Praças de guerra surgem todos os dias, pois dia chegará em que
senhores da guerra, eleitos pelo povo clamando segurança, se
sentarão à mesa de negociações com os terroristas em nome da
salvação do planeta. Senão, aumentar-se-á o risco em exponencial de
nos despedirmos dessa para uma melhor. E o que é pior, sem entender
nada do que aconteceu quando atravessarmos o portal.

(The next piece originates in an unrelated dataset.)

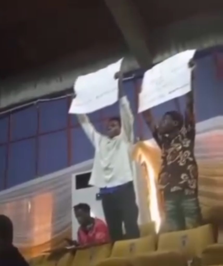 In videos circulated online, the students were seen holding placards and chanting: “Minister Wike, we demand you compensate the people whose houses you demolished.” The protest momentarily disrupted the event before security operatives intervened.

Por que eu? Por que tão cedo? Que fiz para merecer tão pronto
regresso? Raciocínio linear e finito de quem ama tanto a vida e não
quer se mandar desse espetáculo. Sem abrir mão de nada, sem dar a
mão à palmatória, sempre achando que seu gênio tem de prevalecer,
desperdiçando chance em cima de chance para descobrir tardiamente
que deixou escorrer por entre os dedos amizades e amores que
consumiram seu tempo útil e nada tinham a ver com seu espírito.

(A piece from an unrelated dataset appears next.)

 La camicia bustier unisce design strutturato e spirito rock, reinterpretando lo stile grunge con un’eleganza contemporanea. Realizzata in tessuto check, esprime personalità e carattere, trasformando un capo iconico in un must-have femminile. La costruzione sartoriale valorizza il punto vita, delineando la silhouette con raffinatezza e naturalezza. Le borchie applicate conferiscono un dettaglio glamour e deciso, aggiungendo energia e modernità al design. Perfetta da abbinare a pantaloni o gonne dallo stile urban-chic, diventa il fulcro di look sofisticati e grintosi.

Espírito esse que nos habita, louco para que acreditem nele, e
almeja trazer luz ao “conhece-te a ti mesmo”, conforme previra
Sócrates. Mas a razão, burra, obsta enquanto ainda não o entende, o
configura e desenha sua imagem. Patinando, escorregando, perdendo a
espinha dorsal e desorganizando as funções fisiológicas, que se
deterioram não somente pelo excesso de uso, mas pelo desgaste mental
no acúmulo de descaminhos e desilusões.
Por vezes, o espírito não suporta tamanho desvario com sua
potencialidade que esgota seu tempo físico, apesar de infinitas suas
possibilidades para construir uma obra maior. Morrendo na praia, o
que se traduz numa pífia superficialidade, quando podemos nadar num
oceano de criatividade.
Somente recorrendo a vidas passadas, como Lao Tsé, para
interpretar o presente: “Como os grandes rios e as marés dominaram
as centenas de rios menores? Sendo mais baixos que eles".